- Goal of the exercise -
Restate, word for word and with no pictures, the stretch of lines in the data below that begins at the line with "典曼家纺 2025新款A类拼接刺绣四件套-帕兰朵 帕兰朵-紫" and ends at the line with "准确的说这款C300Q定位于", inclusive.

━━ Supplied records

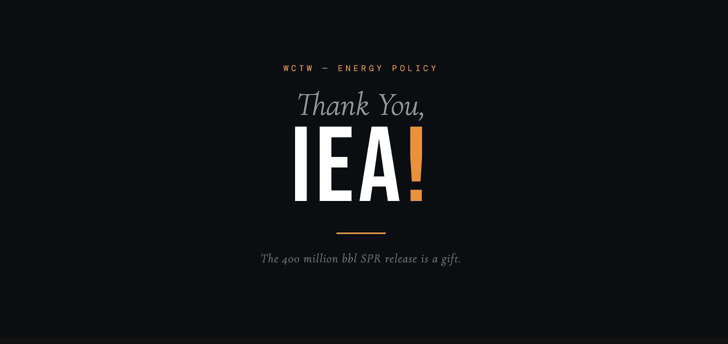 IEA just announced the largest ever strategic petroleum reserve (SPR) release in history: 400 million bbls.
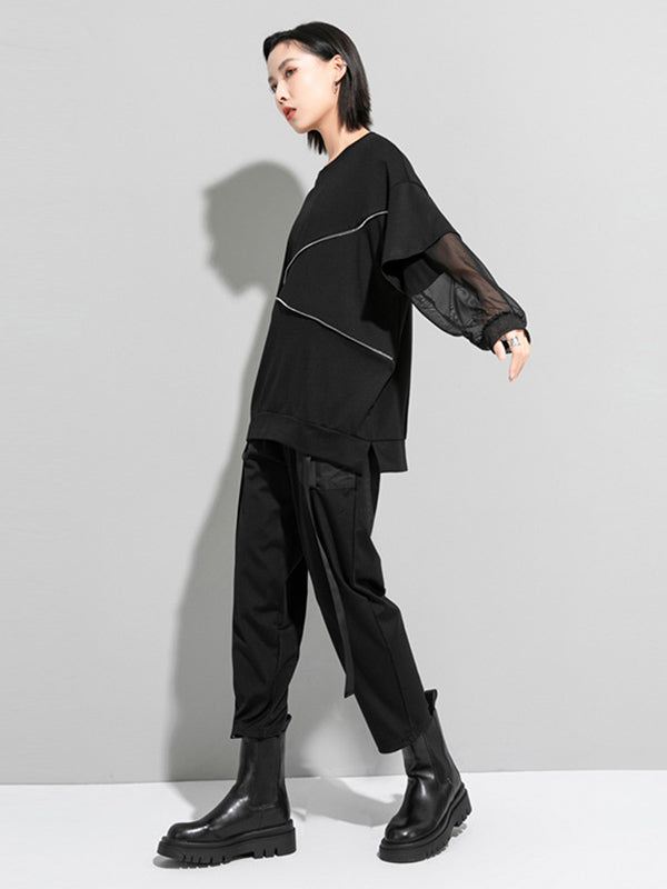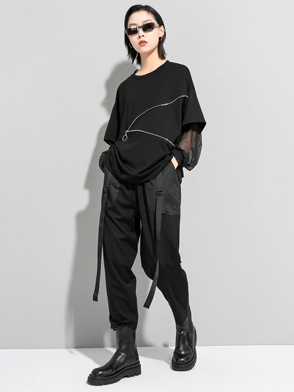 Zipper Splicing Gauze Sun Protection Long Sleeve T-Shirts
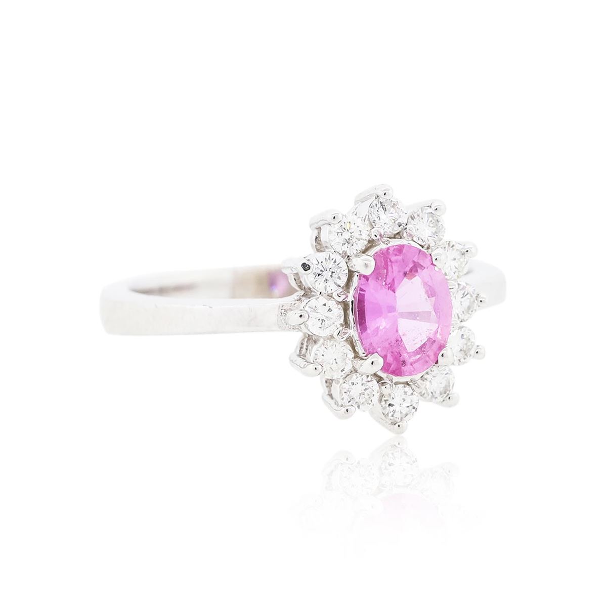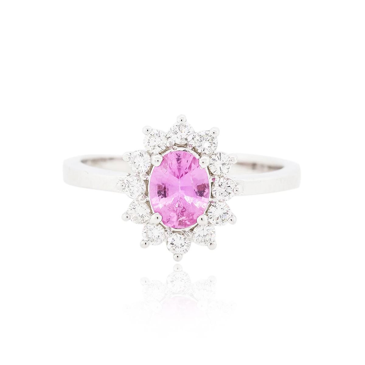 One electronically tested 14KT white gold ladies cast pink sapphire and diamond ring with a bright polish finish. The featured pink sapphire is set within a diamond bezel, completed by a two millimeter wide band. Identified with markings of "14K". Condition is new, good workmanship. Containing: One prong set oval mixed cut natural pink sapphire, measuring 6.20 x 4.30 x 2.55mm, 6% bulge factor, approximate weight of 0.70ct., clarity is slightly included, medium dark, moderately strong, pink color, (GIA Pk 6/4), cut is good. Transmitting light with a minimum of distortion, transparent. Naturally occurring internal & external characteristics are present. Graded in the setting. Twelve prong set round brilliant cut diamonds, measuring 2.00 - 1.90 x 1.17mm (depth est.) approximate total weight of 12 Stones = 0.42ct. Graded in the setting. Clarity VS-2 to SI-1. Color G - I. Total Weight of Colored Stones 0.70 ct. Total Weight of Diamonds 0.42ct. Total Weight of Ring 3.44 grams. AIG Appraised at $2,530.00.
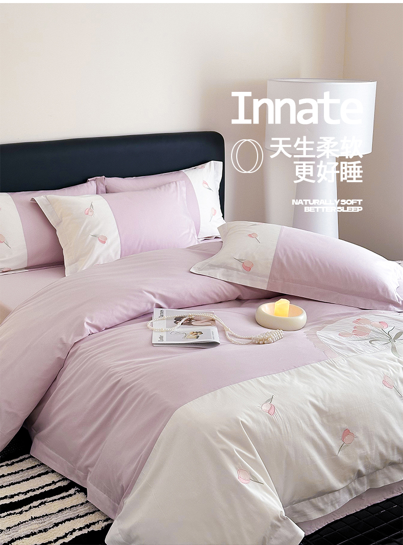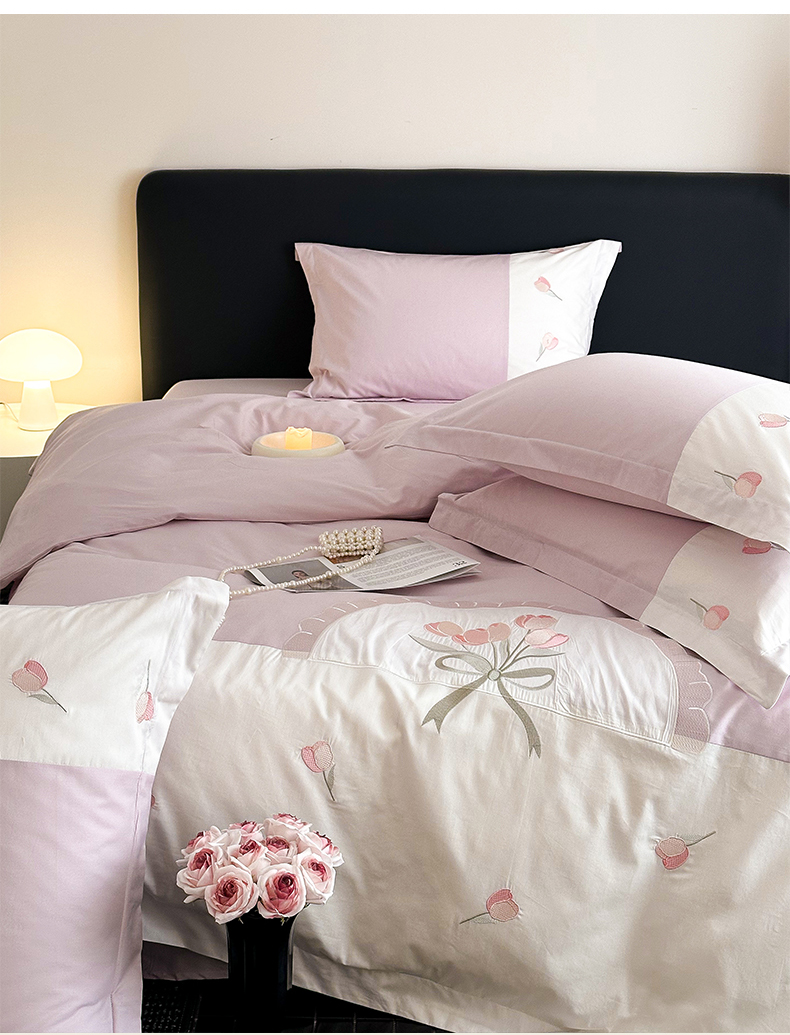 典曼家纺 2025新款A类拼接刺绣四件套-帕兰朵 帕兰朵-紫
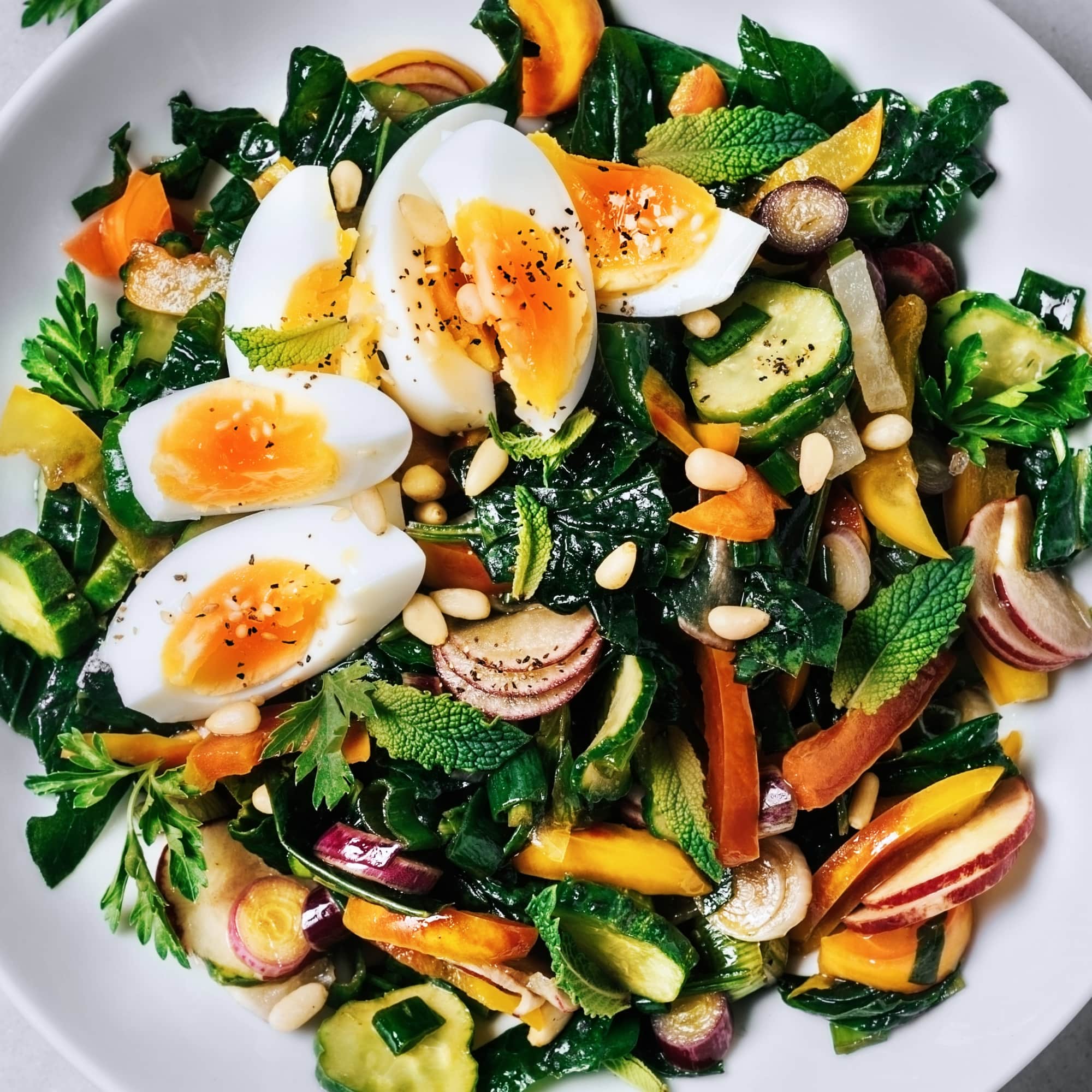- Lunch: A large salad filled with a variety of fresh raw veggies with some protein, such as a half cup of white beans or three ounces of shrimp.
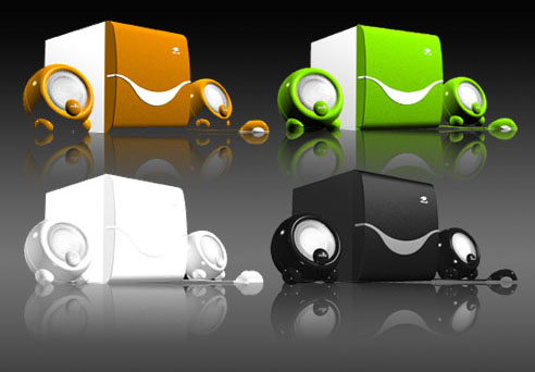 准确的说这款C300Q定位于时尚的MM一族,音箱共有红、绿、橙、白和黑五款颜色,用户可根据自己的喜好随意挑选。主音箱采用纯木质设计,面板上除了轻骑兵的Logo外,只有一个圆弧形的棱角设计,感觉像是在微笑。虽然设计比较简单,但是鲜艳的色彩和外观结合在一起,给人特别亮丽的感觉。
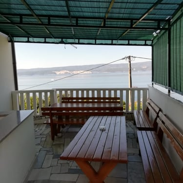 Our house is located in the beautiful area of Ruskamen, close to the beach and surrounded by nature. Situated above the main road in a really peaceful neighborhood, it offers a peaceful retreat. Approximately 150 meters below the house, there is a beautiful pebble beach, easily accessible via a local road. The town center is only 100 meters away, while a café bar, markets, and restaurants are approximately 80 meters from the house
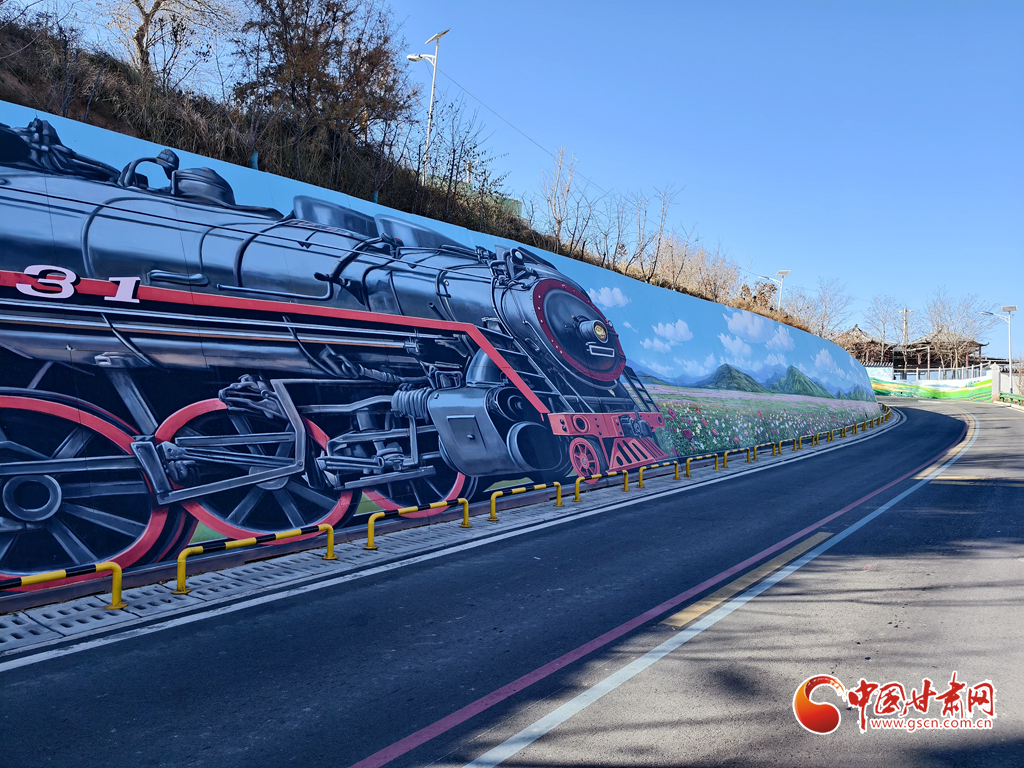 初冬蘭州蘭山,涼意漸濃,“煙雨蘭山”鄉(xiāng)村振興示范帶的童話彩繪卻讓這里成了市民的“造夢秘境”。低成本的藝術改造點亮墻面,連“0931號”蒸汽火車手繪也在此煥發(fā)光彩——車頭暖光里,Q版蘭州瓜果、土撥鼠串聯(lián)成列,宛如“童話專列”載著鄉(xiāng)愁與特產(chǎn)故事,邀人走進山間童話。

━━━━

- Exercise solution -
 典曼家纺 2025新款A类拼接刺绣四件套-帕兰朵 帕兰朵-紫
- Lunch: A large salad filled with a variety of fresh raw veggies with some protein, such as a half cup of white beans or three ounces of shrimp.
 准确的说这款C300Q定位于时尚的MM一族,音箱共有红、绿、橙、白和黑五款颜色,用户可根据自己的喜好随意挑选。主音箱采用纯木质设计,面板上除了轻骑兵的Logo外,只有一个圆弧形的棱角设计,感觉像是在微笑。虽然设计比较简单,但是鲜艳的色彩和外观结合在一起,给人特别亮丽的感觉。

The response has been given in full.